UCLA Medal Presentation to Ralph & Shirley Shapiro

Speech

Good evening, my friends. And welcome!

Carol and I are so happy to have you all here for the awarding of this much-deserved UCLA Medal to our good friends Ralph and Shirley Shapiro.

As educators, we work hard to inspire our students to be curious, conscientious and committed to the well-being of our community.

We hope that we can inspire them, as alumni, to become active and engaged citizens, problem solvers and leaders who understand that our own well-being is fundamentally linked to the well-being of everyone else.

Both Shirley and Ralph, time and time again, have embodied and modeled that principle.

When we talk about service as a core mission of UCLA — alongside research and education — two of the names that always come to my mind are Ralph and Shirley Shapiro.

They met at UCLA, formed a beautiful partnership here and have both made UCLA very proud. My hope is that UCLA will continue to graduate students who share their values and will extend their legacy.

In 1953, the year that Ralph earned his UCLA undergrad degree, President Dwight Eisenhower, in his first inaugural address, told the nation that “a people that values its privileges above its principles soon loses both.”

As a young couple, Ralph and Shirley took to heart the powerful lesson that public service is every bit as important as private gain. That ethic has guided their extraordinary lives ever since.

Building on Shirley’s degree in education and Ralph’s in business and law, they both have searched for ways to make a difference on the issues that matter: From civil rights for Mexican Americans to education for those with Autism.

The range of organizations and causes they have supported are as diverse as the multicultural Boyle Heights where Ralph grew up:

Inner City Law Center. Scripps Research Institute. Asian Americans Advancing Justice. The National Jewish Medical and Research Center. The Smithsonian National Museum of African Art. The Los Angeles Library. Children’s Hospital Los Angeles. Just to name a few.

Always striving to do more, they have made giving back a family affair, passing onto their children the values of public service and the common good.

Their Shapiro Family Charitable Foundation — with Ralph as chairman, their son Peter as president, and daughter Alison as vice president — has been an important force for good in civic life, health care, environmental preservation and more.

Ralph and Shirley have remained extraordinarily committed to their alma matter as well.

As one colleague put it, they have “covered the campus with their love,” supporting   students and faculty throughout campus by providing much needed scholarships and creating a record 20 endowed chairs.

Every service organization and university relies on generosity. But organizations also need those who get personally involved and bring their passion and commitment to the hard work at hand.

As generous as the Shapiros are with financial support, they have been equally generous with their time and counsel.

They have served on the boards of UCLA’S Emmett Institute on Climate Change and the Environment, the School of the Arts and Architecture, the Centennial Campaign Cabinet, the law school’s Board of Advisors, Women and Philanthropy, the Fowler Museum, and UCLA Health System, among many others. And they have been great supporters of UCLA’s efforts to serve the needs of people with disabilities.

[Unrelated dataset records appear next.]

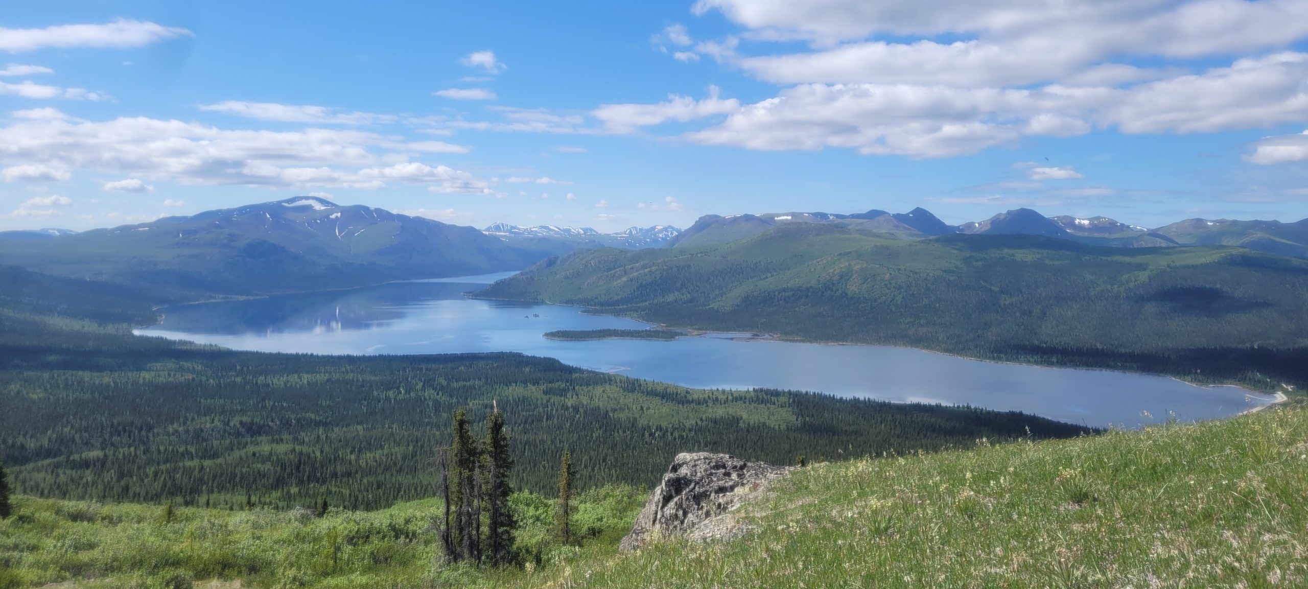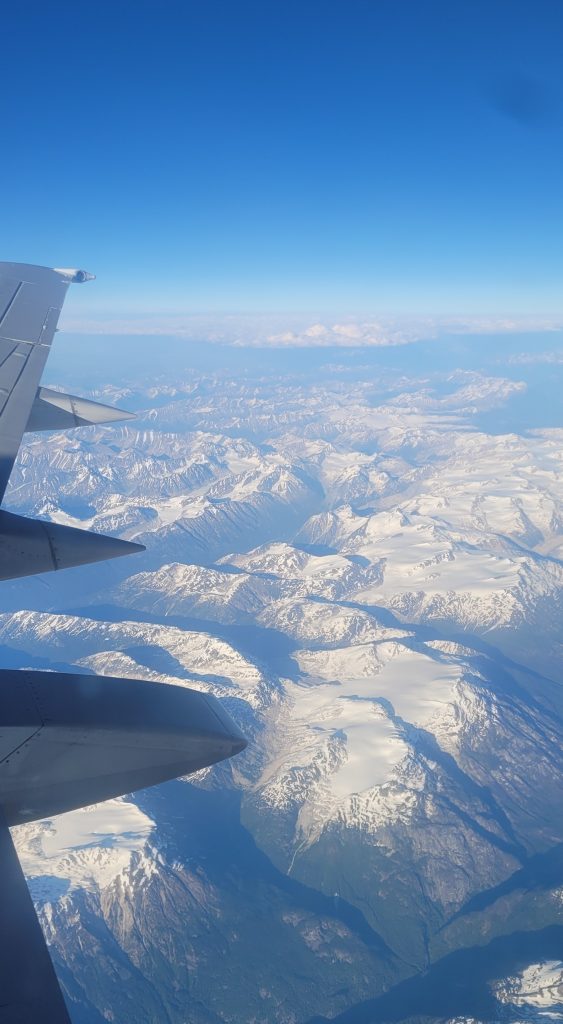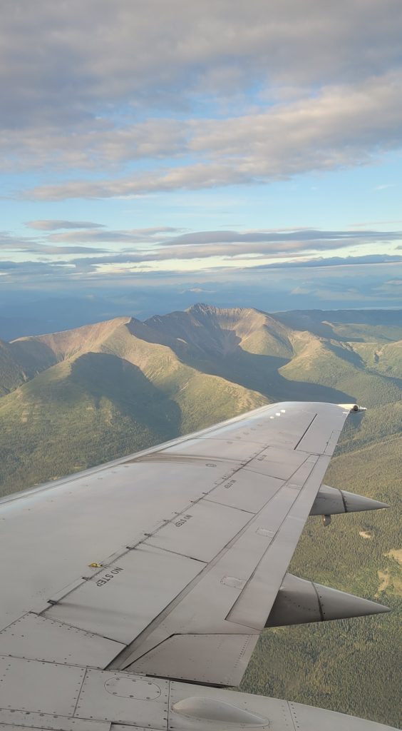 Vendredi, départ de Canmore pour Kelowna, d’où je m’envole direction Whitehorse. Le vol est magnifique, les Rocheuses d’un côté, l’océan Pacifique de l’autre et enfin le Yukon, où je peux même reconnaître les différents sommet grimpés l’année passée comme Montana Mountain, Grey Mountain ou encore Mont Lorne (photo de droite).
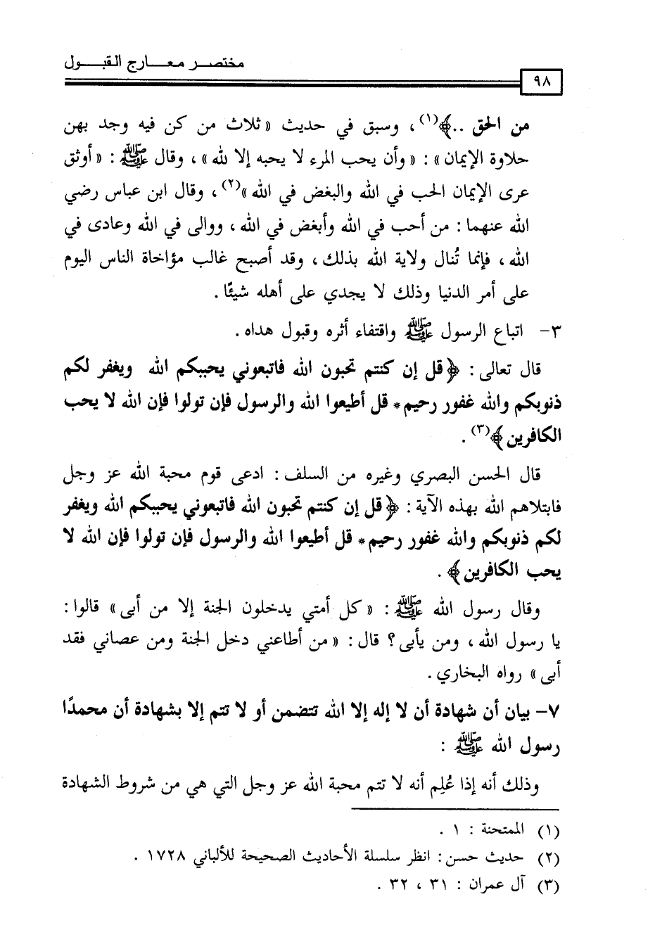قال تَعَالَى: {قُلْ إِنْ كُنْتُمْ تُحِبُّونَ اللَّهَ فَاتَّبِعُونِي يُحْبِبْكُمُ اللَّهُ وَيَغْفِرْ لَكُمْ ذُنُوبَكُمْ وَاللَّهُ غَفُورٌ رَحِيمٌ * قُلْ أَطِيعُوا اللَّهَ وَالرَّسُولَ فَإِنْ تَوَلَّوْا فَإِنَّ الله لا يحب الكافرين} (¬3) .
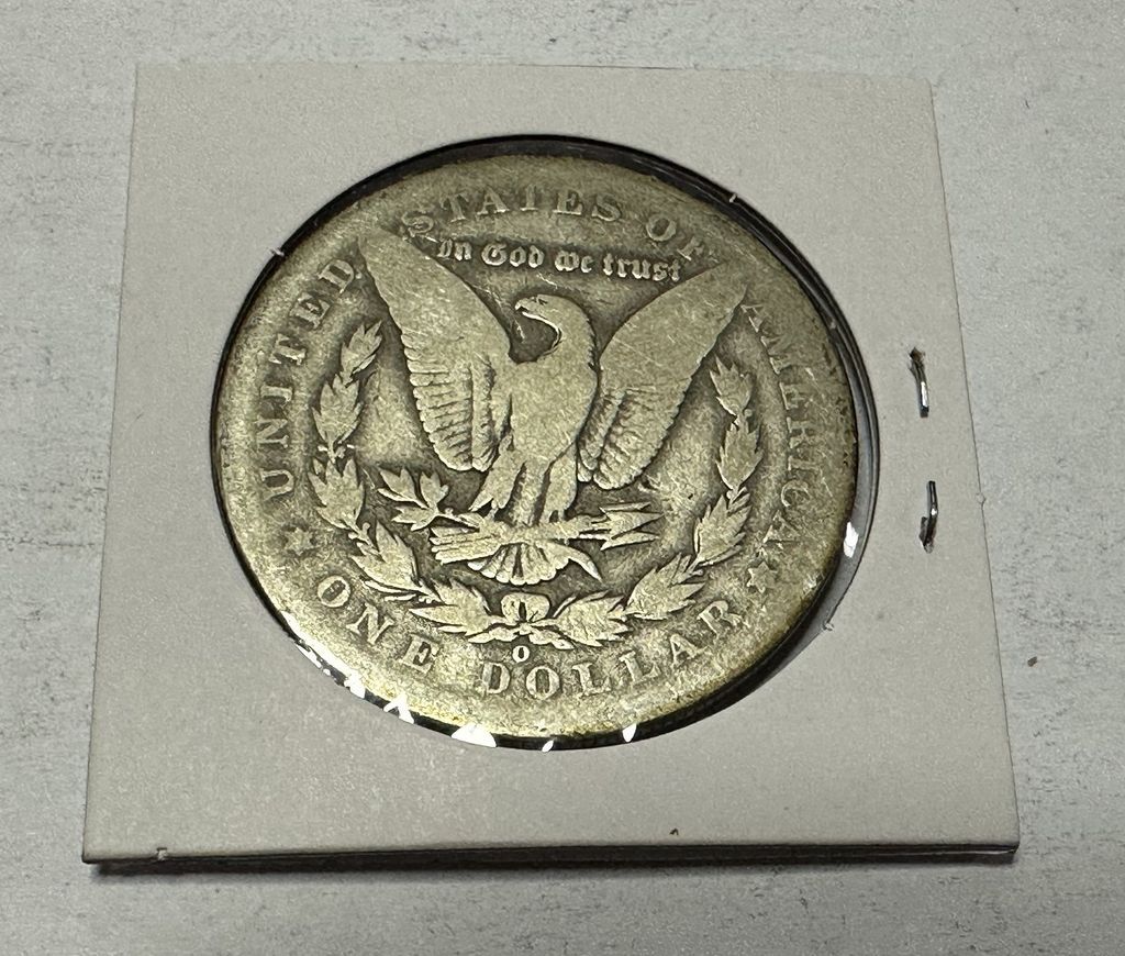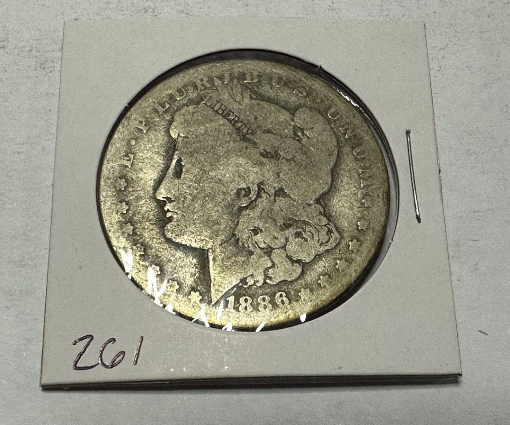 1886-O Morgan Silver Dollar, good, paper case, Location Tall Cases 1886-O Morgan Silver Dollar, good, paper case, Location Tall Cases

Shirley and Ralph have taken a special interest in supporting families wrestling with the challenges of Cerebral Palsy, helping forge an alliance between the Cerebral Palsy Foundation — which conducts research — and United Cerebral Palsy Los Angeles — which provides care and advocacy.

Again, they have invested their hearts into this cause, personally giving their time and care to help educate and support parents and share their experiences of what it’s like to be parents of someone with cerebral palsy.

When they realized that other families were in need of specialized transportation, the Shapiros bought a van for families to use when visiting loved ones at the United Cerebral Palsy Association’s residential care facilities.

Through it all, Ralph and Shirley’s dedication to UCLA and the broader community are surpassed only by their devotion to their children and to each other, having just celebrated 60 years of marriage (as if your story were not already inspiring enough)!

So, it is with sincere gratitude and admiration that I invite Shirley and Ralph up to the stage to receive the UCLA Medal.

Before I present you with the Medal, I’d like everyone to hear this citation, which reads:

RALPH AND SHIRLEY SHAPIRO

Your deep commitment to higher education and public service has benefitted UCLA, Los Angeles and the nation. Your outstanding dedication to UCLA has been repeatedly demonstrated by endowing many faculty chairs, providing scholarships and serving on numerous boards around campus, helping to guide UCLA’s efforts in law, economics, health, environmental sustainability, cultural preservation, Japanese studies, women in philanthropy and more. Your commitment to the public good is embodied by the Shapiro Family Charitable Foundation, which has supported varied fields including education, medicine, the arts, the environment and the welfare of children. You have brought notable attention to those with special needs and developmental disabilities and have been a source of guidance and support to families managing the challenges of cerebral palsy. You both exemplify a commitment to education, compassion for others and a concern for the community that are making lives better today — and will continue to do so in the future. In so doing, you represent the best of UCLA’s values. In gratitude for your wide-ranging service, we proudly bestow upon you the UCLA Medal. Given at UCLA this second day of April, two thousand and nineteen.